**RECORDS PROVIDED**:
------

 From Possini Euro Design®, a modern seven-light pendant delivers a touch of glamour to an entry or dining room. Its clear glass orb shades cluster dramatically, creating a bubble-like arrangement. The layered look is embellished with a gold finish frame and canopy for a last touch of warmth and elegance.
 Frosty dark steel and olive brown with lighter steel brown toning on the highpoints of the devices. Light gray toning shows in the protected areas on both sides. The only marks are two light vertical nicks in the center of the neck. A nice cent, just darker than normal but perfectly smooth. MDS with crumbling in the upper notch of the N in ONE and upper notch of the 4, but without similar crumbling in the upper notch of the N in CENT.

------

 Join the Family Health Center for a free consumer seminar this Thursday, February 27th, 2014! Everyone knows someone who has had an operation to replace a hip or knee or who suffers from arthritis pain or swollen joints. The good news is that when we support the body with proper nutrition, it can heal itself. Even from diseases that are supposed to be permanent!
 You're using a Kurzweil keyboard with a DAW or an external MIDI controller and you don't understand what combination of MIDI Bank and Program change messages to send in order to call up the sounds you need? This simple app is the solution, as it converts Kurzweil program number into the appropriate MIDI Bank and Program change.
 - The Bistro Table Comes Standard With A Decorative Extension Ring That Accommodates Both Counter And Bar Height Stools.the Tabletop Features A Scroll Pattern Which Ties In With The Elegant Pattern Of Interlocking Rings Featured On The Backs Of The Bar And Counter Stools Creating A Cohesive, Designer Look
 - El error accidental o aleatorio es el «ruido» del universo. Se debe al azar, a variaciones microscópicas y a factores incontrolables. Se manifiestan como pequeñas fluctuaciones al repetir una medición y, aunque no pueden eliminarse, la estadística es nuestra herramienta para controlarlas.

------

**PROBLEM TO WORK ON**:
Only the lines above starting with the one with "You're using a" and going through the one with "- The Bistro" are to be copied, word for word and with both ends kept.

**TASK OUTPUT**:
 You're using a Kurzweil keyboard with a DAW or an external MIDI controller and you don't understand what combination of MIDI Bank and Program change messages to send in order to call up the sounds you need? This simple app is the solution, as it converts Kurzweil program number into the appropriate MIDI Bank and Program change.
 - The Bistro Table Comes Standard With A Decorative Extension Ring That Accommodates Both Counter And Bar Height Stools.the Tabletop Features A Scroll Pattern Which Ties In With The Elegant Pattern Of Interlocking Rings Featured On The Backs Of The Bar And Counter Stools Creating A Cohesive, Designer Look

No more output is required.